[GIVEN INFORMATION — start]

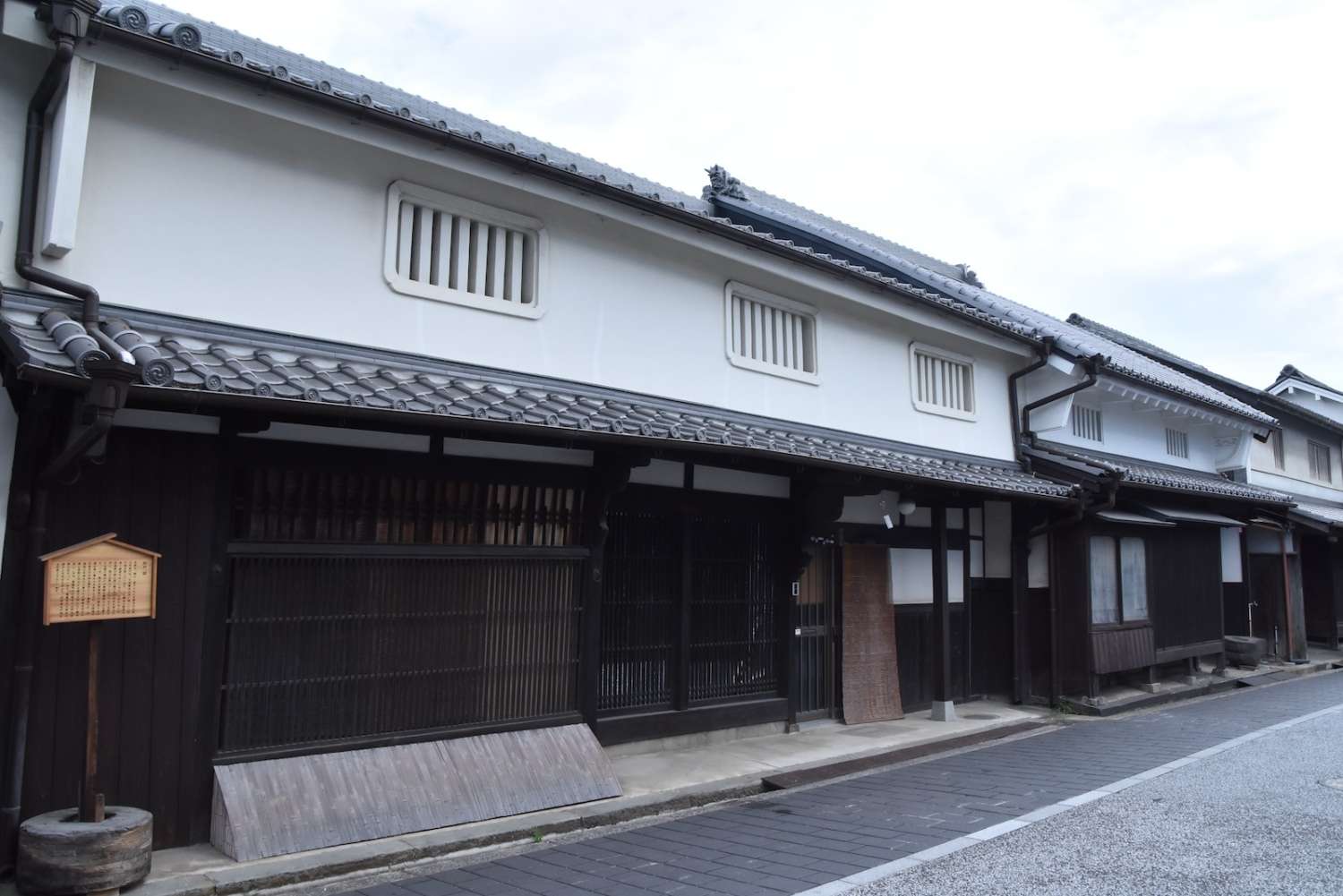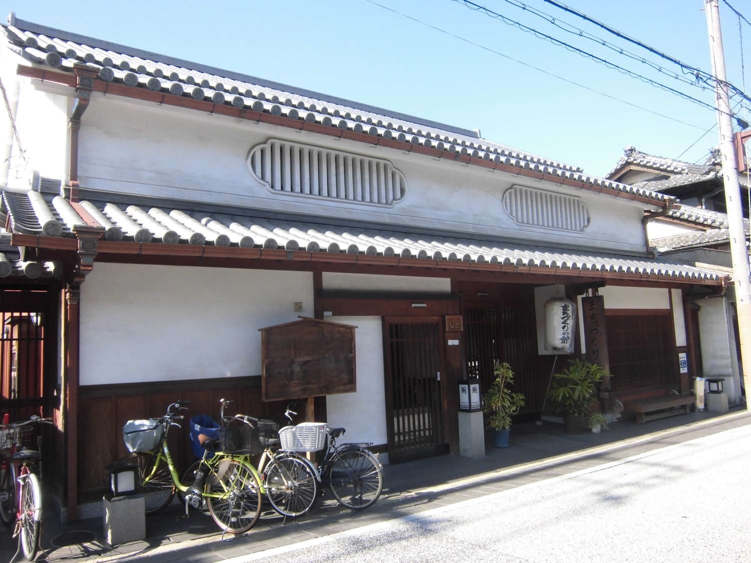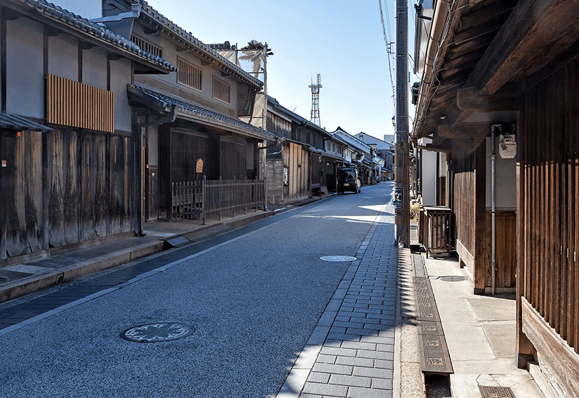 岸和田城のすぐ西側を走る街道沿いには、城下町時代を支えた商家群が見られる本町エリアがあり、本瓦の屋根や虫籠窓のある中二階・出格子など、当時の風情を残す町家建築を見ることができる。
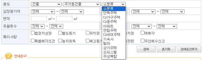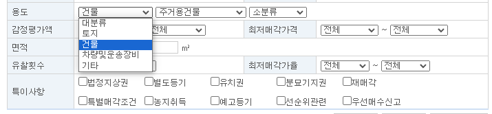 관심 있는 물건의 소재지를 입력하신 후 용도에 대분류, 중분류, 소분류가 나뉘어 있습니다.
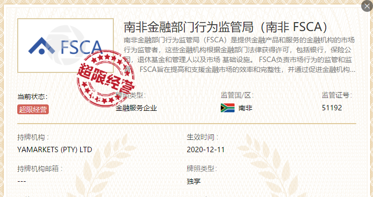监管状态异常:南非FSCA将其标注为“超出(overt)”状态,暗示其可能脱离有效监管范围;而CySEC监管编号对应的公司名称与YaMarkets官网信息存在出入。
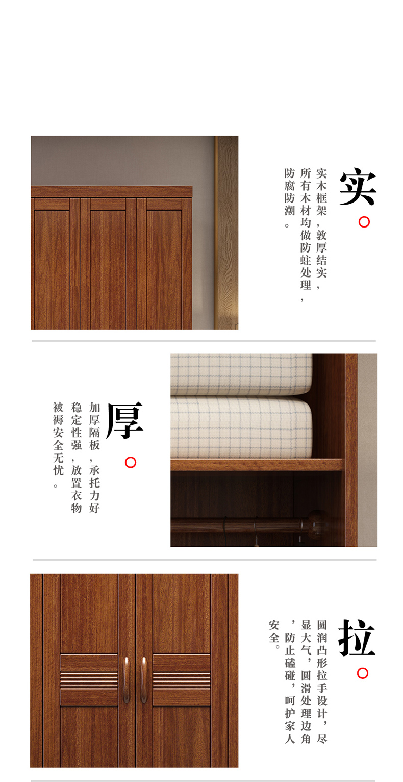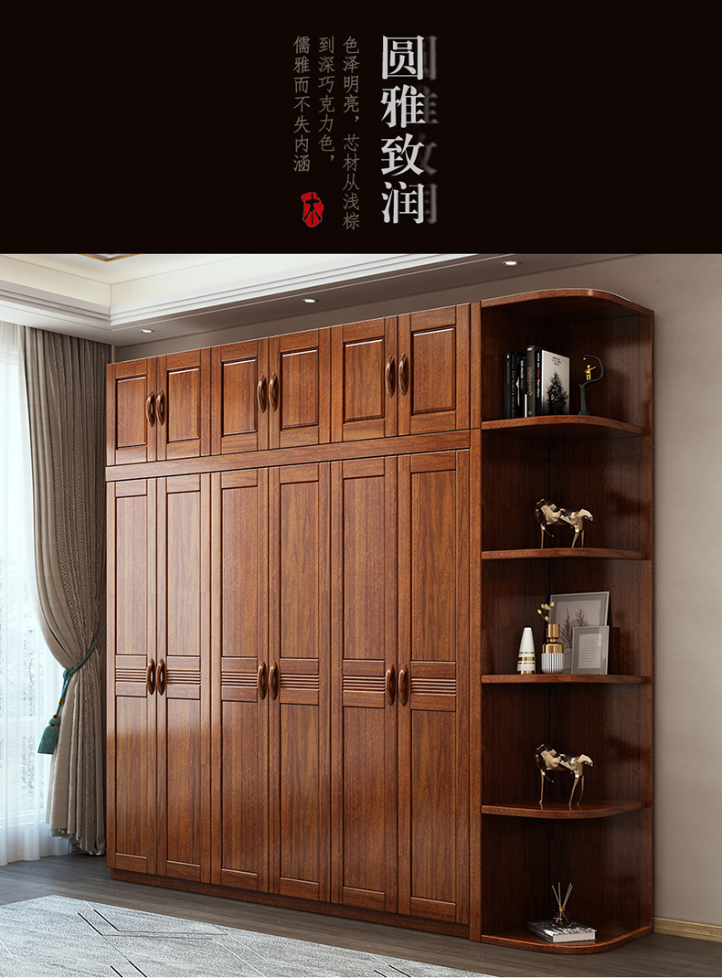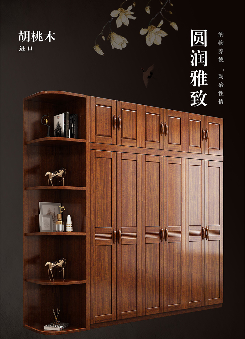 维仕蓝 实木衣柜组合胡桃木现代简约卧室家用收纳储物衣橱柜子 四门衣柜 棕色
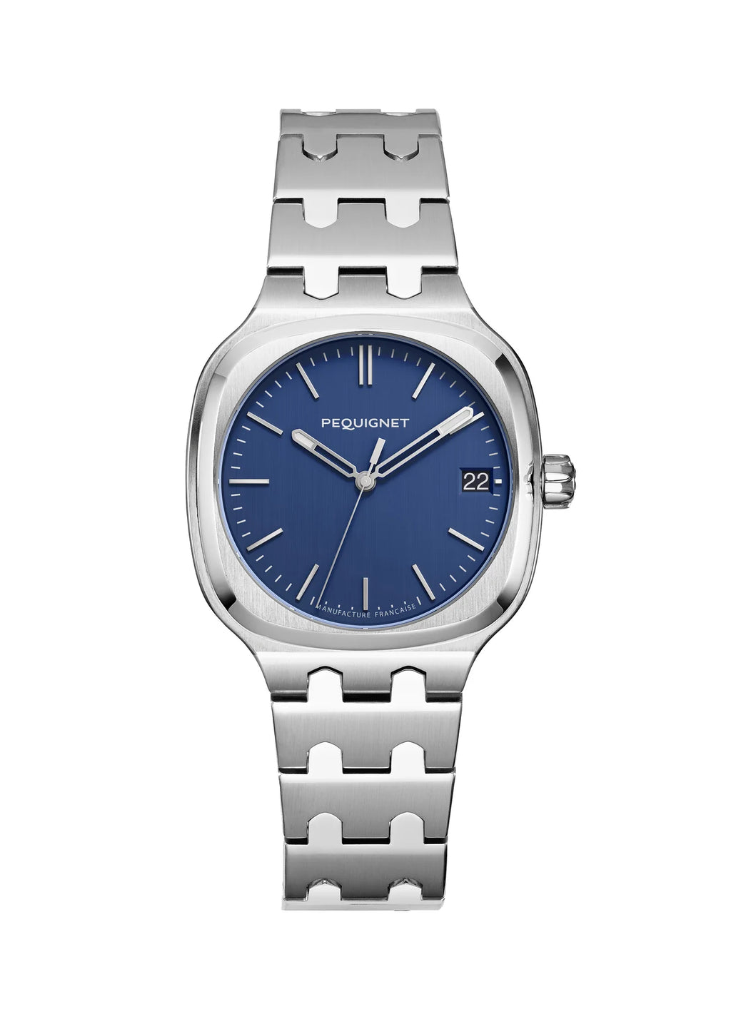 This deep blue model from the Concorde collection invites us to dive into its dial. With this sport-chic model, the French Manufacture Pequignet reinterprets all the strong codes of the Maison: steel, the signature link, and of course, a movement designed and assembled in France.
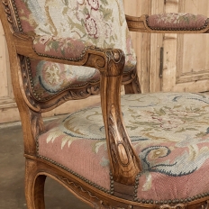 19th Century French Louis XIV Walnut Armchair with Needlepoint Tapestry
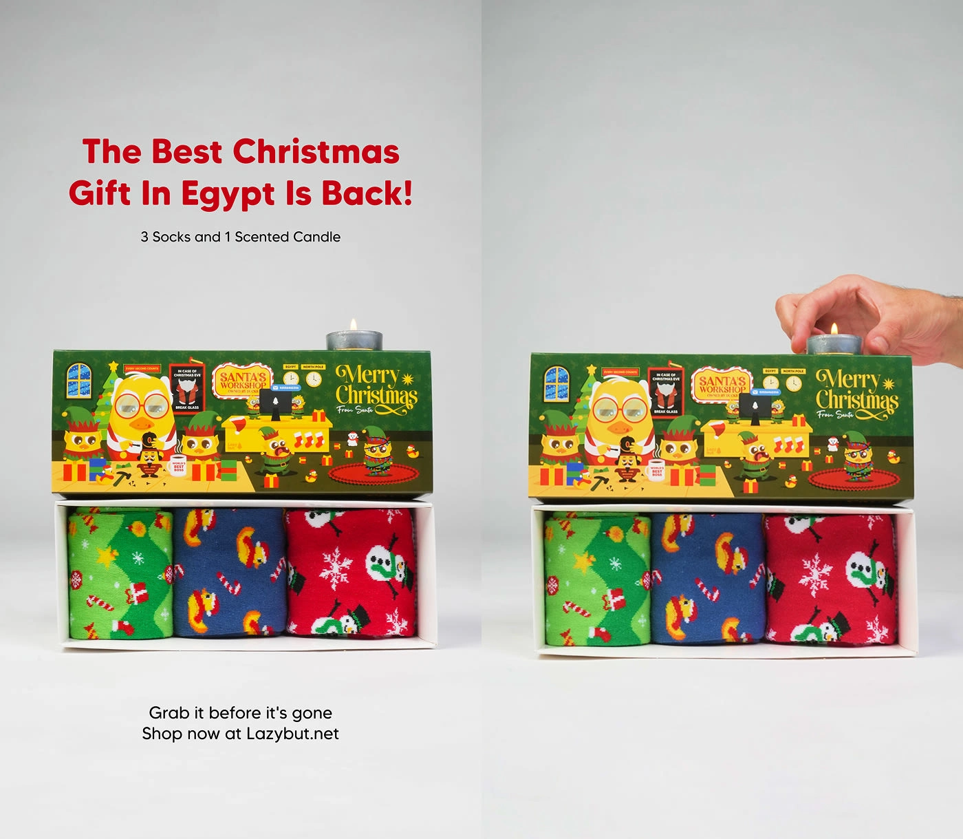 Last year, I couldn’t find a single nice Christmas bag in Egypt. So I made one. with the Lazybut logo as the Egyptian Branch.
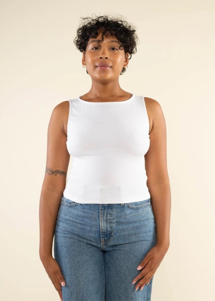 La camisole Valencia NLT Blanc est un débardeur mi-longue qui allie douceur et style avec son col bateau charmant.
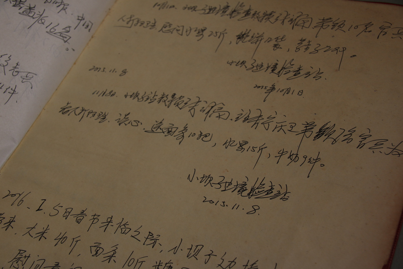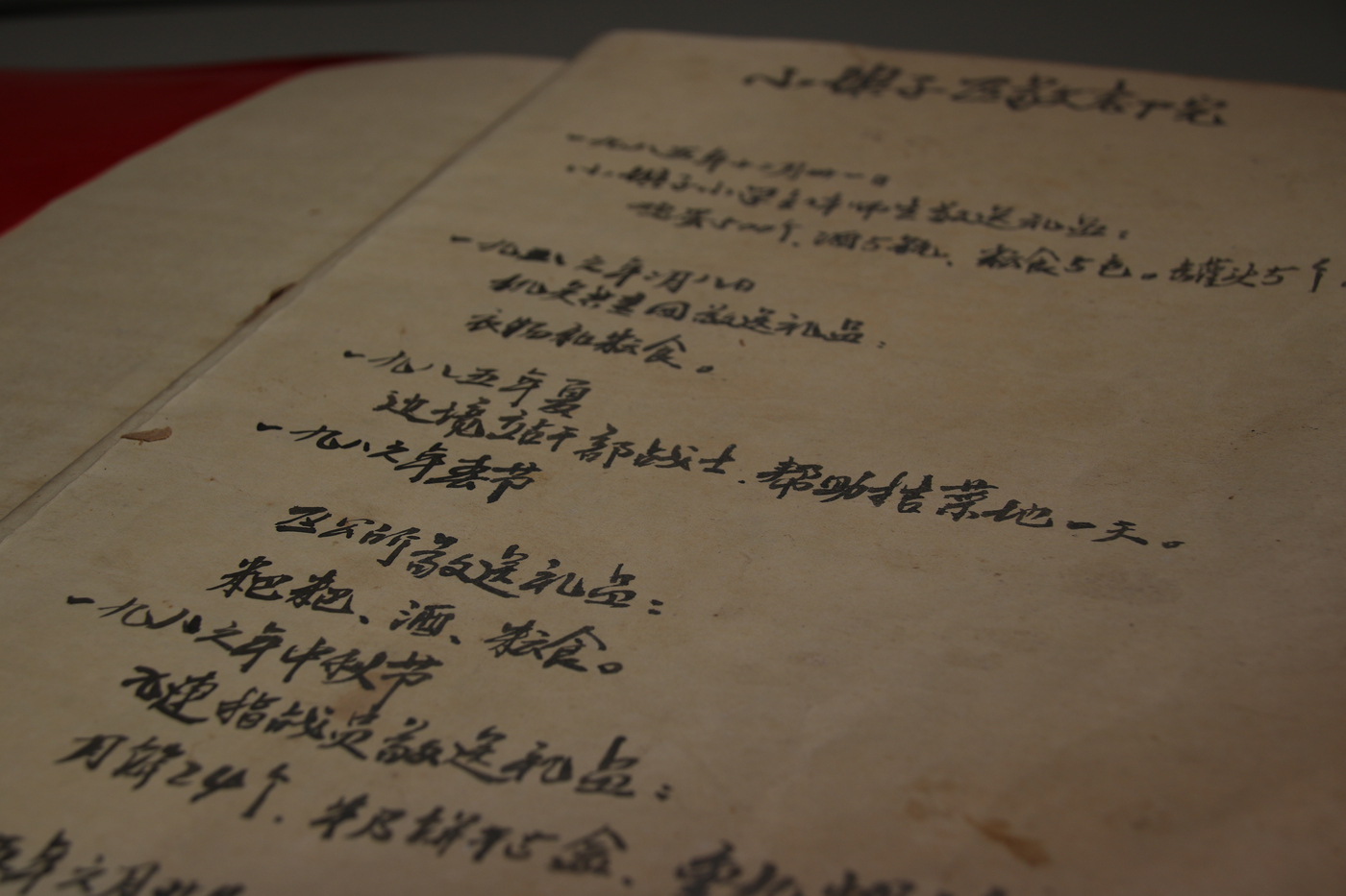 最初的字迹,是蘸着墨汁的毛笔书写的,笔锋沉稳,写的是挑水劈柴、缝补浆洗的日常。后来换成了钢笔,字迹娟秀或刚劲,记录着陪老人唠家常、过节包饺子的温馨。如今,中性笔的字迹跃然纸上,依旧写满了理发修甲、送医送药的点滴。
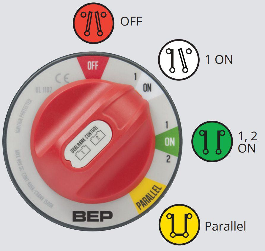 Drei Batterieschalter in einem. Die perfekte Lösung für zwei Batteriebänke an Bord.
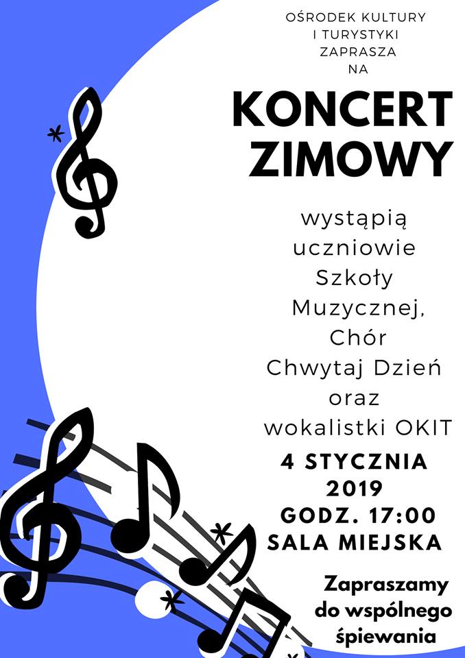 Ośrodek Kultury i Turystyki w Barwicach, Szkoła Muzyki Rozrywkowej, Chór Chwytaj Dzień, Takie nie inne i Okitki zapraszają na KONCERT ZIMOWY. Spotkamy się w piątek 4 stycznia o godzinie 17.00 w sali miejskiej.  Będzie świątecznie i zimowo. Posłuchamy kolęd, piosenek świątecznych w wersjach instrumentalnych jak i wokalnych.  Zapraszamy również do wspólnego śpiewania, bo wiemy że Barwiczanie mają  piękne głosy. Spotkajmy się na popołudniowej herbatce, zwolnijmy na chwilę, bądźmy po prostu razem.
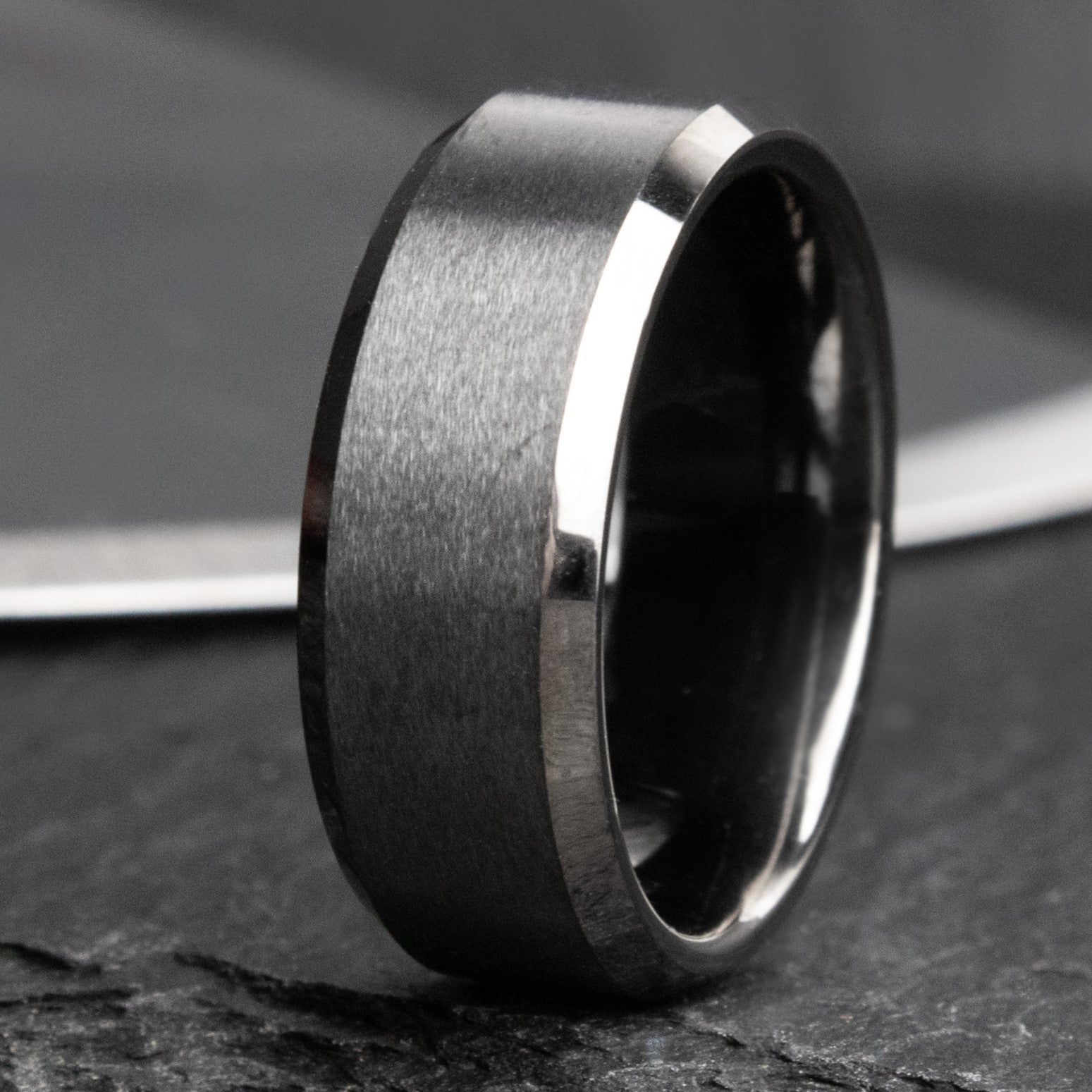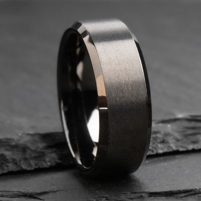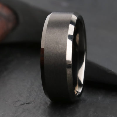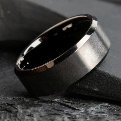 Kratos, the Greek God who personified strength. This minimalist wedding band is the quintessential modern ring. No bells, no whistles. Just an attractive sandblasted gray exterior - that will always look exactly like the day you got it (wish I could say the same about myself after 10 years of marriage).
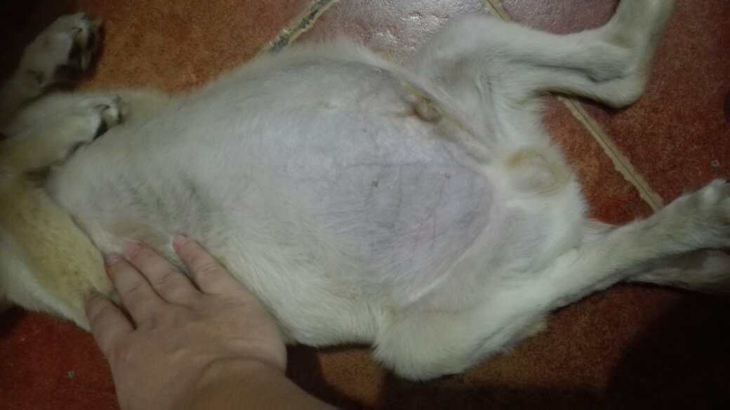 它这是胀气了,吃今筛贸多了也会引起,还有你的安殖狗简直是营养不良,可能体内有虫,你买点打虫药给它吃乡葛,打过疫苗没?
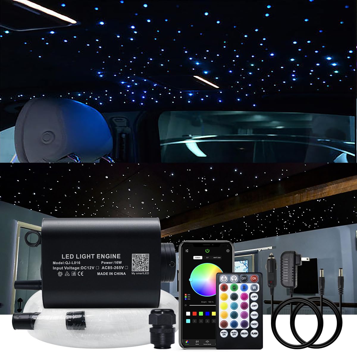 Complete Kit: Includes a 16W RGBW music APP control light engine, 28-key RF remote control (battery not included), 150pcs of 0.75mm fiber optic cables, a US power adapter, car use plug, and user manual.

[GIVEN INFORMATION — finish]

• **WHAT THE EXERCISE ASKS**: Everything from the line with "Kratos, the Greek" through the last line above should be reproduced exactly, both ends included; pictures must be omitted.

• **EXERCISE RESPONSE**:
 Kratos, the Greek God who personified strength. This minimalist wedding band is the quintessential modern ring. No bells, no whistles. Just an attractive sandblasted gray exterior - that will always look exactly like the day you got it (wish I could say the same about myself after 10 years of marriage).
 它这是胀气了,吃今筛贸多了也会引起,还有你的安殖狗简直是营养不良,可能体内有虫,你买点打虫药给它吃乡葛,打过疫苗没?
 Complete Kit: Includes a 16W RGBW music APP control light engine, 28-key RF remote control (battery not included), 150pcs of 0.75mm fiber optic cables, a US power adapter, car use plug, and user manual.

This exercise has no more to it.